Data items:
************
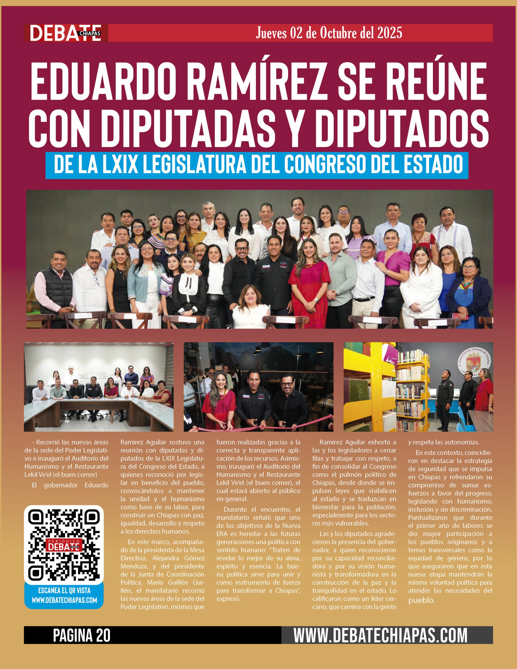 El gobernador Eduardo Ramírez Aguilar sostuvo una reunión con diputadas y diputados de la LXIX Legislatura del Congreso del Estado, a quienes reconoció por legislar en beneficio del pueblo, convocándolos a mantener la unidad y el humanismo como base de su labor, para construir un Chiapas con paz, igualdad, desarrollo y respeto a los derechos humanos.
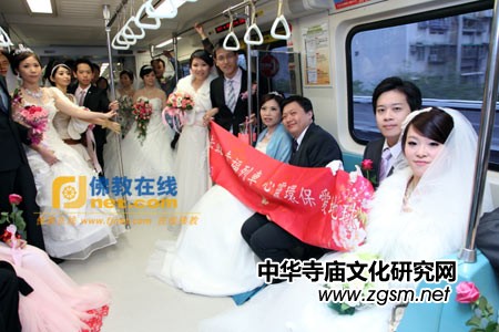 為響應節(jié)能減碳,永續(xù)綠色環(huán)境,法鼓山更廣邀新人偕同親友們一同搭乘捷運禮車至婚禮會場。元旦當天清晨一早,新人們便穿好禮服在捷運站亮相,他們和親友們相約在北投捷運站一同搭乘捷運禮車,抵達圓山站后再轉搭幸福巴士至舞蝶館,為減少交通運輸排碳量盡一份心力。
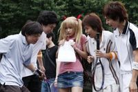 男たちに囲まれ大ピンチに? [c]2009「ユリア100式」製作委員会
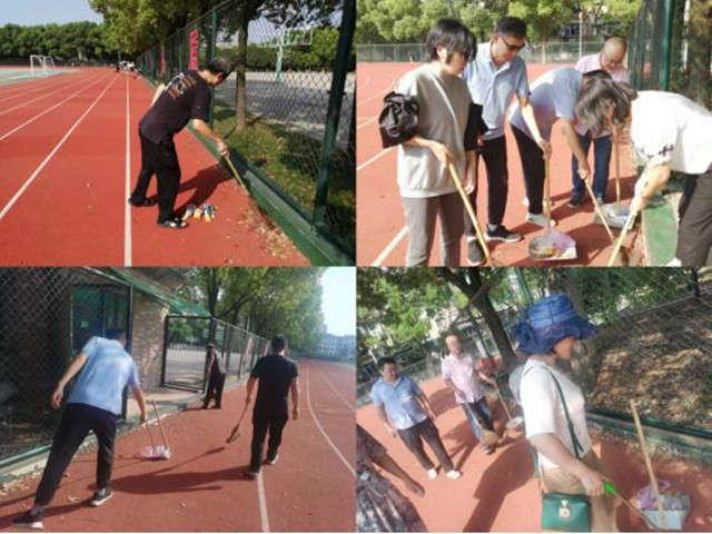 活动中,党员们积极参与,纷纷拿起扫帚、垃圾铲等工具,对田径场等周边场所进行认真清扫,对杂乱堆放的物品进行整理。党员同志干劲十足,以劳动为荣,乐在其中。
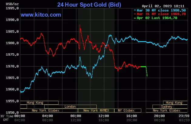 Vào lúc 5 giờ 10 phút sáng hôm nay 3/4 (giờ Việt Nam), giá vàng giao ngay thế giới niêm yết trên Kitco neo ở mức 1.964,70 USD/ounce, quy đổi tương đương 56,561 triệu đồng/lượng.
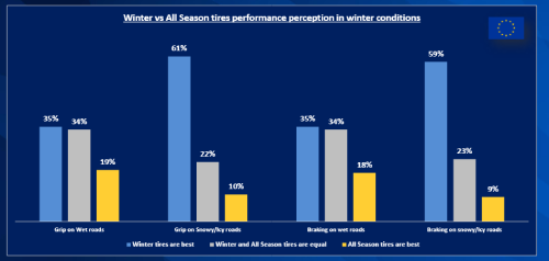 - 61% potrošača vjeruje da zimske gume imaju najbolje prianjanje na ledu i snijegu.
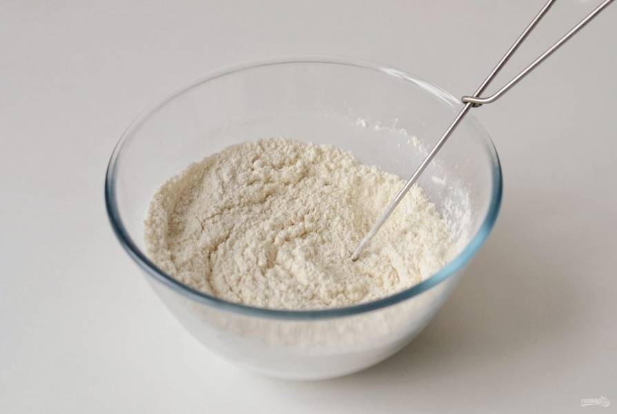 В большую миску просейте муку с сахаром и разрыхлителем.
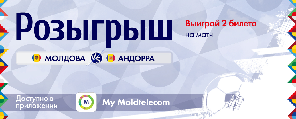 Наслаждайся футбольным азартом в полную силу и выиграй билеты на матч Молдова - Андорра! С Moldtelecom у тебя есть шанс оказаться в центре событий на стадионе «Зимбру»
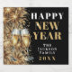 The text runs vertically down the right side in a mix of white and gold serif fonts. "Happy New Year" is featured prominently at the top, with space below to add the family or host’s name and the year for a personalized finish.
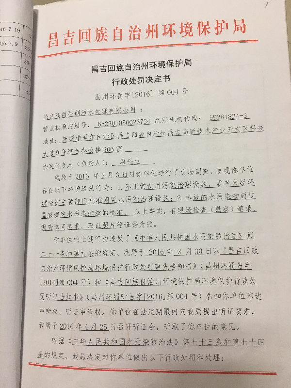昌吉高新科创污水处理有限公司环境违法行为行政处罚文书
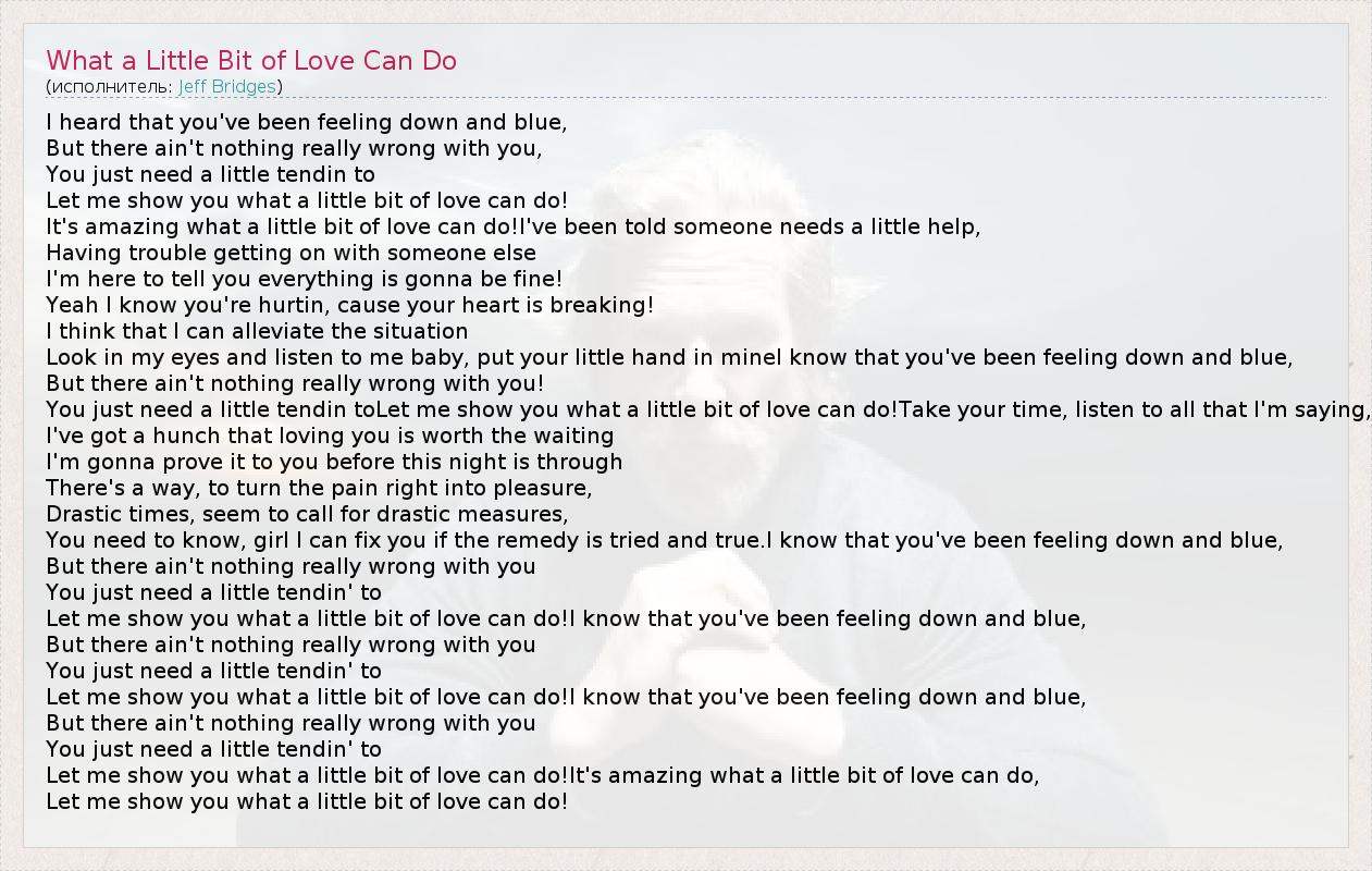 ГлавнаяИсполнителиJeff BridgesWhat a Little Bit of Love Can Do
************
▸ Work instructions:
Write out word for word the lines above that run from the one with "- 61% potrošača" to the one with "В большую миску". Include both end lines; exclude the images.

▸ Exercise solution:
 - 61% potrošača vjeruje da zimske gume imaju najbolje prianjanje na ledu i snijegu.
 В большую миску просейте муку с сахаром и разрыхлителем.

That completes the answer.